In fact, I just realized that’s what I need to do for the scene I’ve been struggling with. I need to write out what’s been going on with one of the characters, leading up to the scene and even write a draft of the scene from her perspective. That will help me know what she should be saying. It’s impossible (or, at least, difficult) to write that kind of scene knowing only what the POV character knows.

So, maybe I’ll get more written today, before I have to go deal with the choir kids.

writing life

Mondays

Like most people with Monday-Friday “normal” type jobs, I used to really hate Mondays — back to the grind of getting up, facing a dreadful commute, and spending the day in the office after I’d had a blissful two days of doing my own thing.

Now, though, I actually really like Mondays. It helps that I’m doing something I love, that I’m doing it at home with no commute, and I work for myself, so I set my own schedule. I let myself get a slow start on Mondays, if I want to. Weekends are often busy for me, and especially Sundays, so Monday is generally my “sleep in” day. I linger over the newspaper and a cup of tea before launching into my week, which is so much more civilized than being forced to go to work at the usual time right after a weekend. Monday is usually a day for staying at home and not dealing with people.

But I also love the sense of a fresh start that Mondays give me. It’s like a New Year’s Day every week. If I slacked off or didn’t accomplish what I wanted last week, that’s all in the past and I can make new resolutions for the new week. I can accomplish all the things, eat right, exercise, and make progress on organizing my house. I can spend time writing, get projects completed, and all those other things I really want to do. I can set up new schedules and guidelines for myself (you sometimes have to resort to tricks like this when you don’t have a boss or a strict deadline, and therefore there’s nothing to stop you from spending the day reading message boards about TV shows you don’t even watch if you don’t set up some kind of structure).
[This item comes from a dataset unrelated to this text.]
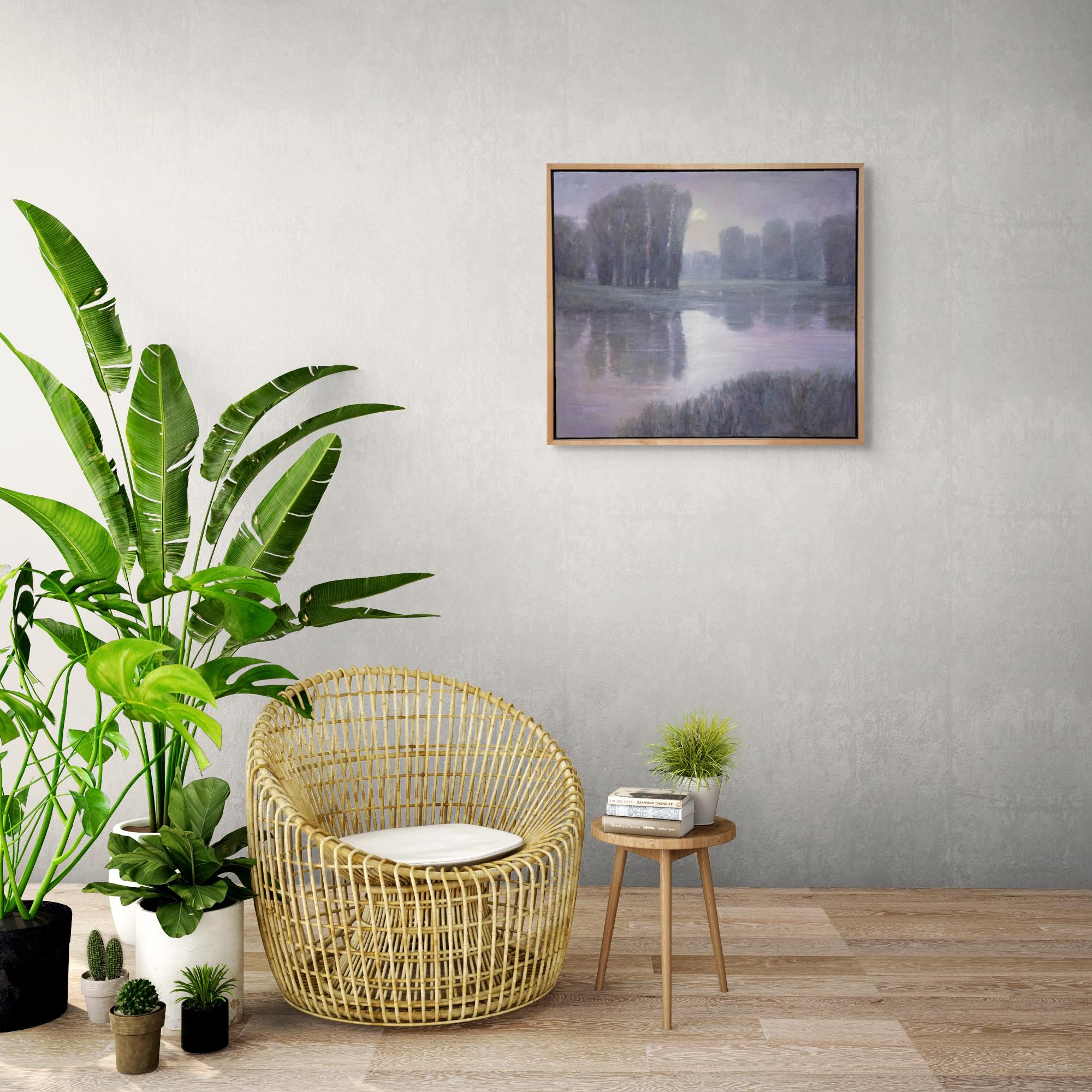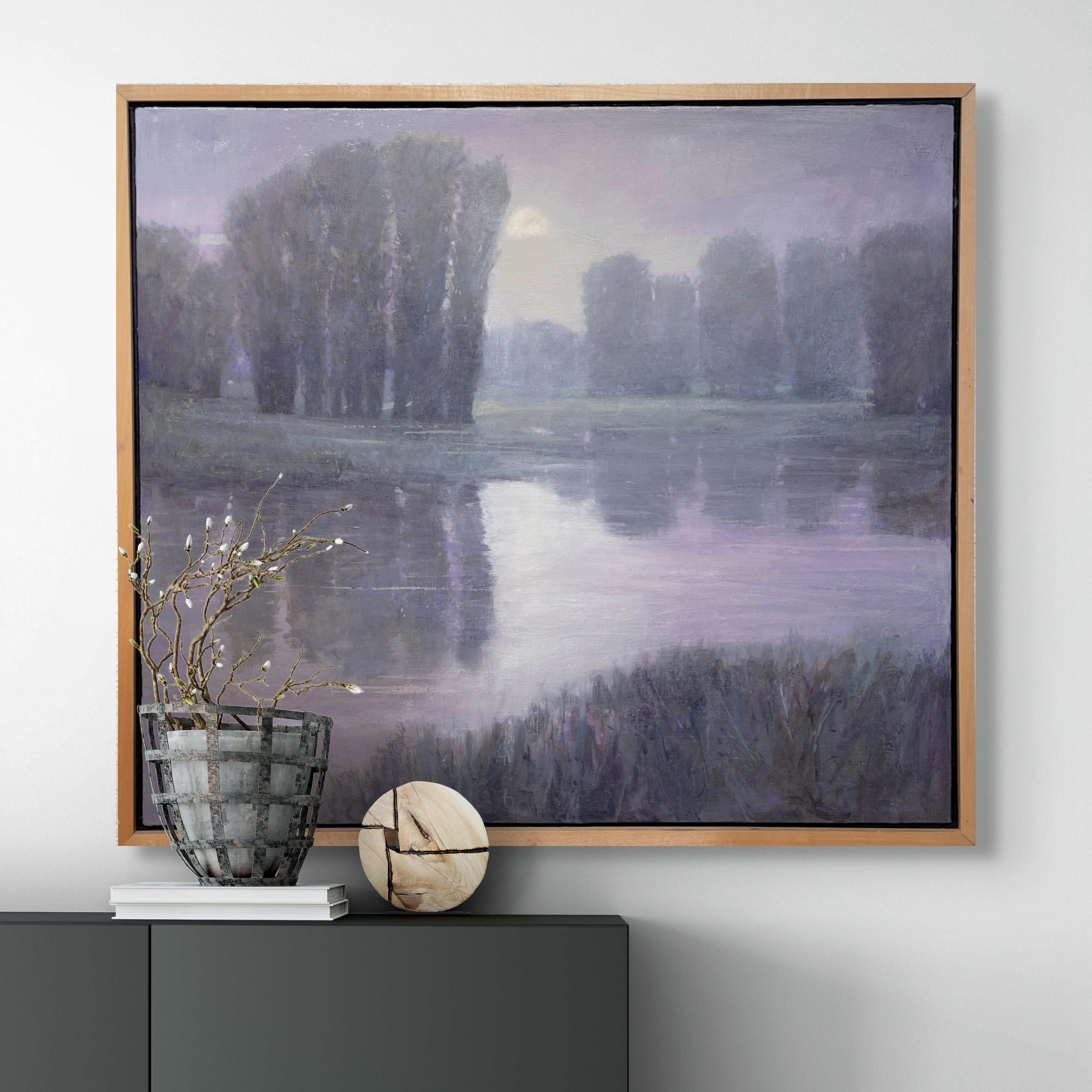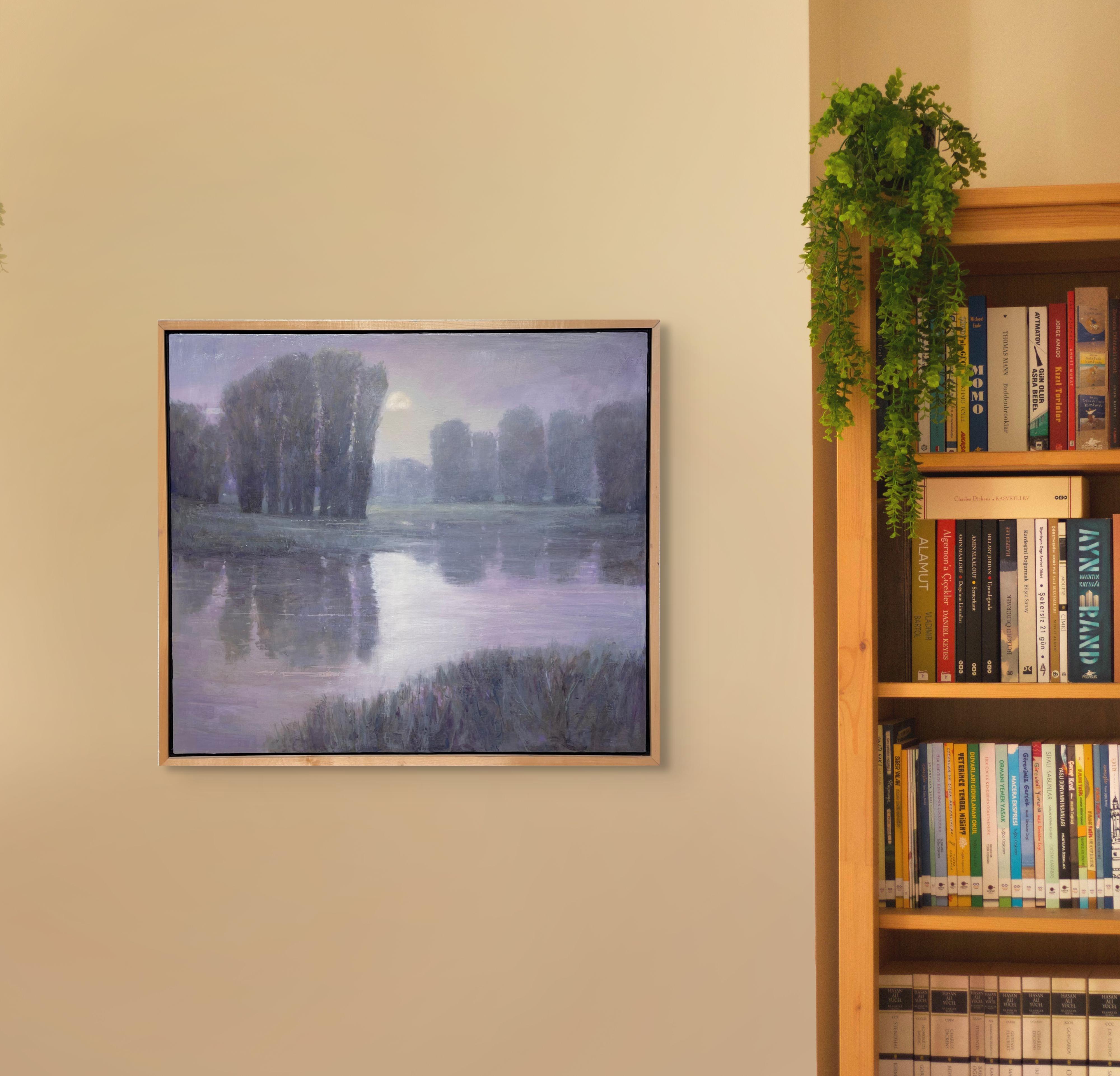 Mondaufgang am Fluss, Gemälde, Öl auf Leinwand

So, I’m starting today with a lot of enthusiasm, with maybe a dash of fear because I woke up this morning from the recurring “back to my old day job” nightmare. That one seems to have taken over from the “I’m running late for the final exam in the class I forgot I was taking and never actually went to, and I don’t know for sure where the exam is being held” nightmare that was my brain’s previous favorite. It’s never actually really any of my old day jobs, but it’s one like one of them, or it may be one of my old jobs in the dream, and it’s only upon waking that I realize I never actually worked at that place. The bizarre detail from this particular dream was that my boss had come into my office to talk about something, a call for her (not an actual person I’ve ever worked for — I think it might actually have been Mimi from the Enchanted, Inc. books) got forwarded to my desk, and I got out of the way so she could take it. It wasn’t just a quick answer to something, and it looked like she was settling in for a long chat, so when she sat down at my desk, I slipped out of the office to give her some privacy, only then remembering that I’d taken off my shoes while I was sitting at my desk, so now I was barefoot. When my boss finally got off the phone and left my office, she criticized me for not being at my desk, working, and asked why I wasn’t wearing shoes. Which sounds like something Mimi would do.

And now I kind of want to see if I could pull off a short story from Mimi’s perspective, where she’s running into magic but doesn’t realize it as she continues being an irrational boss.

And I really, really don’t want to have to go back to working for the kind of people who inspired Mimi, so I guess I’d better start writing.